The weakened bill passed Germany's lower house, the Bundestag, by a vote of 293 to 243. But it will require approval by Germany's upper house, the Bundesrat, which is controlled by the Social Democrats and the Greens, in the opposition, which have sought to have the bill scrapped altogether.

"No one except for a few big publishers wants this law," said Tabea Rössner, a member of the Greens and a media expert, during the debate before the vote on Friday. "Certainly no one in the online world."

Google welcomed the fact that only a weakened version had passed, but made clear its opposition to any form of legislation.

The company had bitterly opposed the original proposal and waged a campaign dubbed "Defend Your Net," both online and through full-page ads in the very publications that would profit from the proposed law, known as an ancillary copyright law because it extends copyright to new areas.

Google argued that the law would impinge on the free flow of information and innovation online.

"As a result of today's vote, ancillary copyright in its most damaging form has been stopped," said Ralf Bremer, a spokesman for Google in Germany, who argued that the law was "not necessary because publishers and Internet companies can innovate together, just as Google has done in many other countries."

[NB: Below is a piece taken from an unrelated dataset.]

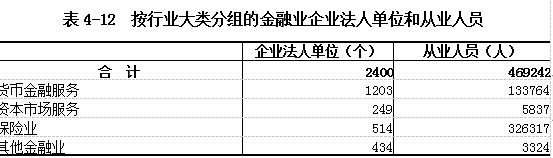 2018年末,全省共有金融业企业法人单位2400个,从业人员46.92万人(详见表4-12)。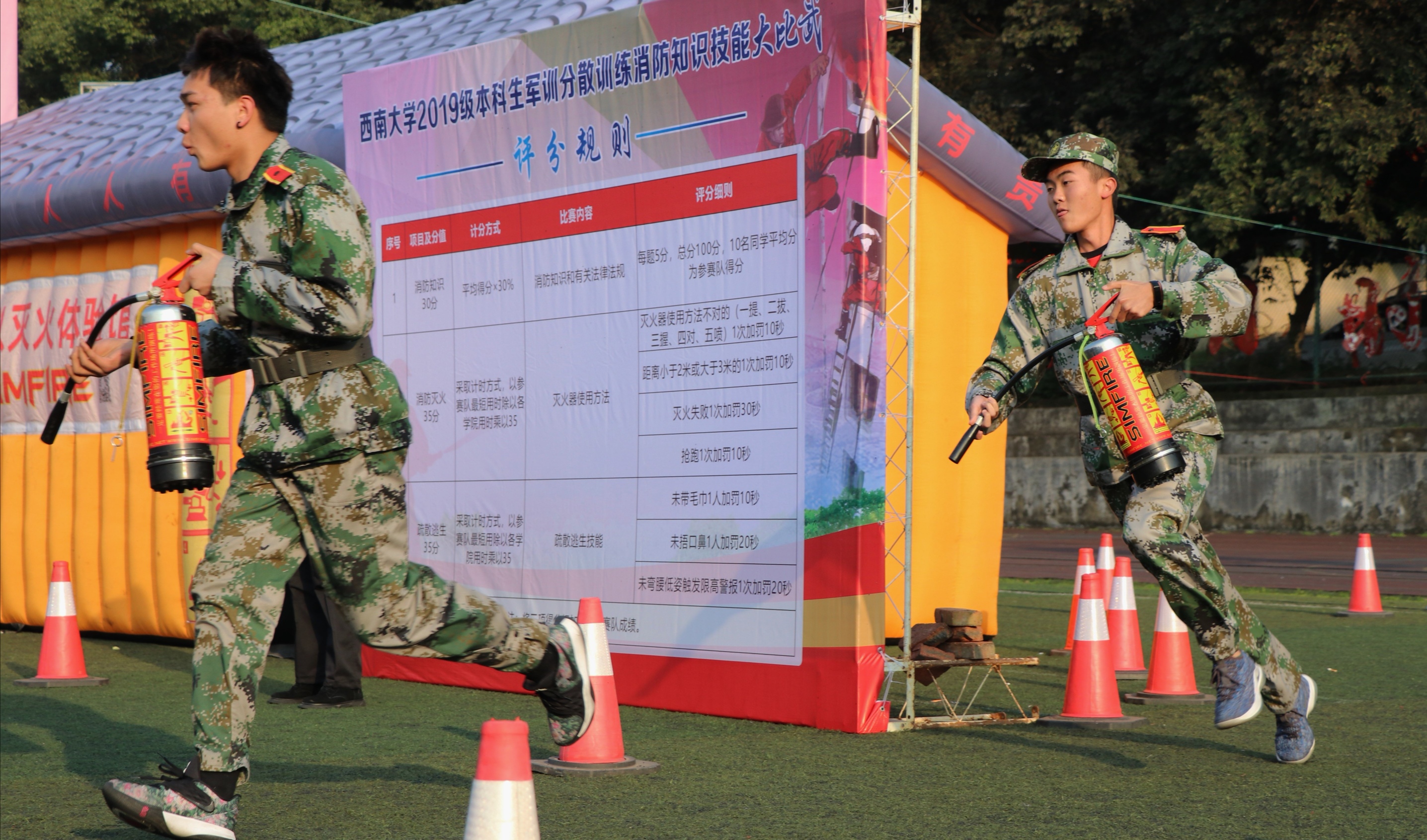 下午14:30,2019级同学列队集合完毕。各学院领队抽签决定比赛顺序后,西南大学党委副书记潘洵同志宣布消防知识技能大比武正式开始!

Google does not sell advertising on its German news aggregation service, which displays snippets of articles and links to the originating sites. But the company earns billions of euros from advertising on its search engine and other services.

Most German newspaper publishers, on the other hand, generate only minuscule revenue online from advertising or other sources, like so-called pay walls around their content.

Consequently, they welcomed the law, even in its weakened form, as an instrument that would allow them to determine the conditions under which material produced by their journalists and writers could be used by search engines and other third-party aggregators that reproduce their material online.

"With the ancillary copyright law, publishing houses now have a right that other intermediaries have long had," the Federation of German Newspaper Publishers said.

Members of the European Publishers Council, a lobbying group in Brussels which has been pushing for a fundamental change in the relationship between publishers and Google, also hailed the law as an important step toward recognizing "clearly in copyright law both the value and the cost of investment in professional journalistic content."

"The E.P.C. believes that this law will help establish a market for aggregator content," said Angela Mills Wade, the E.P.C.'s executive director. "New innovative business models can now be built based on legally licensed content."

But critics charge that by watering down the law, it not only fails to grant full legal clarity to either of the two sides, but opens the door to lengthy legal disputes over the exact definition of a snippet and how much text can be legally reproduced by the search engines without incurring charges.

"The Bundestag passed a law today that will make neither the publishers, nor the critics nor the general public happy," wrote the Süddeutsche Zeitung in an opinion piece about the law. "Who is helped by a law that does not have any winners, only both sides somehow lose."